We are skeptical about the returns that will be generated by fiber builds, as costs are rising and densities are falling. The spiraling costs of fiber deployment also make it likely that there will be upward, not downward, pressure on broadband ARPU in competitive markets, as overbuilders scramble to cost-justify not only their existing projects, but, perhaps more importantly, the projects on which they have not yet broken ground (and which, without a more generous ARPU assumption, can no longer be return-justified). Craig had argued earlier this year that the fiber buildout bubble may pop.
Wireless operators have an enormous cost advantage in offering fixed wireless access (FWA) service on preexisting network facilities; the marginal cost of offering FWA is zero if it is simply using excess capacity.

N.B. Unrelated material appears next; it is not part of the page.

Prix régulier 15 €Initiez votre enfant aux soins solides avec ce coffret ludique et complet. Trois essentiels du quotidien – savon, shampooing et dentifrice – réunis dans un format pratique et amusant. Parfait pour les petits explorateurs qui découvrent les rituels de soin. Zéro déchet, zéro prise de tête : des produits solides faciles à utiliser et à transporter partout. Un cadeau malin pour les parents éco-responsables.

The capacity available for such a strategy is relatively limited, making the strategic leverage of FWA relatively limited as well. Cable operators have a smaller, but still significant, cost advantage in offering wireless services that can offload at least some of their traffic onto existing infrastructure. And unlike wireless operators offering FWA, their capacity to do so is unlimited.

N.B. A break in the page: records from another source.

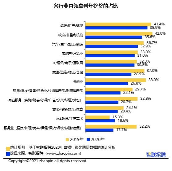 而智聯(lián)招聘提供的《2020 年白領(lǐng)滿意度指數(shù)調(diào)研報告》則顯示,2019 年,文體教育 / 工藝美術(shù)行業(yè)拿到年終獎的白領(lǐng)比例為 15.3%,在 2020 年這一比例升至 18.6%,是唯一實(shí)現(xiàn)正增長的行業(yè)。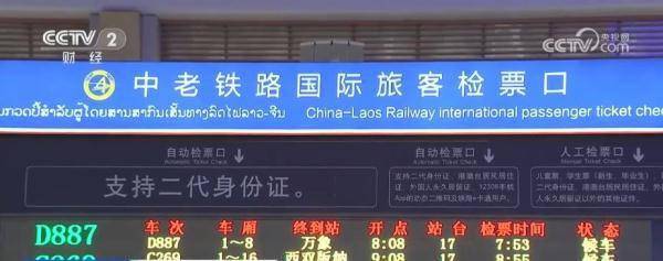 记者范紫霄:现在是中午12时30分,这趟列车已经到达了磨憨站,也是这趟列车在我国境内的最后一站。跨境前往老挝的旅客需要携带全部行李下车办理通关等一些相关手续,然后继续返回这列我们乘坐的D887次列车,通过画面中的友谊隧道,跨越国境,在今天傍晚6时38分抵达老挝首都万象。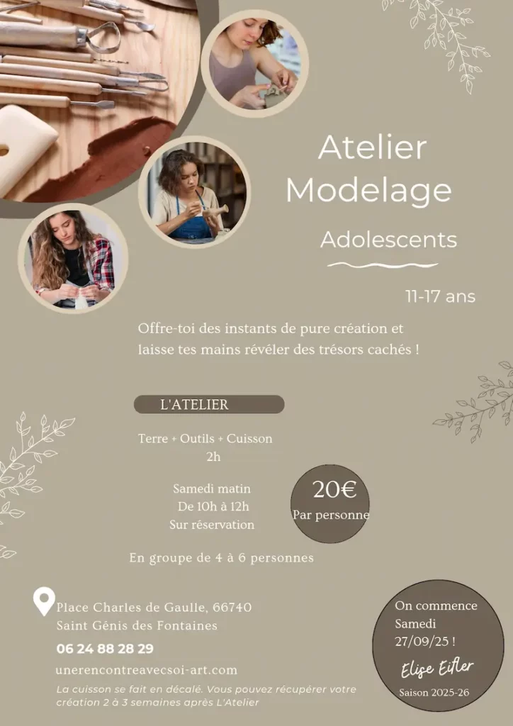 Si vous souhaitez un « Atelier Modelage Adolescents » sur un autre créneau horaire, n’hésitez pas à me contacter sur mon téléphone afin de s’organiser! (06 24 88 28 29)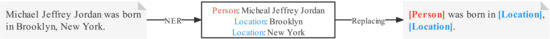 Entity information in text is important for text classification. However, the number and classes of entities in long document are so numerous that the constructed text vectors will be sparse if they are selected as features directly. Hence, we leverage named entity recognition to process the text. Specifically, to obtain the entity information in the original text, we use a model incorporating bidirectional long short term memory and a conditional random field layer (BiLSTM-CRF) [61] to obtain the representation of a word with its left and right context and produce a valid sequence of output labels. Finally, we replace the entity names with the entity labels, as shown in Figure 3.

Almost no telecom investor with whom we have spoken views FWA as an important part of the story for the companies that actually offer it. Investors seem to have already come to the view (for the wireless operators, at least) that FWA is at best a costly sideline in rural markets. Longer term, the bigger threat to cable broadband is likely fiber rather than fixed wireless, Moffett said. But even with that, the analyst seems to be less concerned that cable operators will overspend on fiber or that overbuilders will present more competition.
The convergence arguments for fiber to the home (FTTH) are arguably even weaker. As we’ve pointed out often, AT&T’s wireline footprint covers but 45% or so of the U.S. (by population), and of that, just a third is wired for fiber. In total, then, AT&T can deliver a bundled solution to just 15% or so of the population. In our view, a strategy (bundling) that “works” in 15% of the country isn’t a strategy.
We certainly aren’t convinced that the U.S. market will be fundamentally shaped by convergence. But if it is, the cable operators, not the telcos, are positioned to benefit.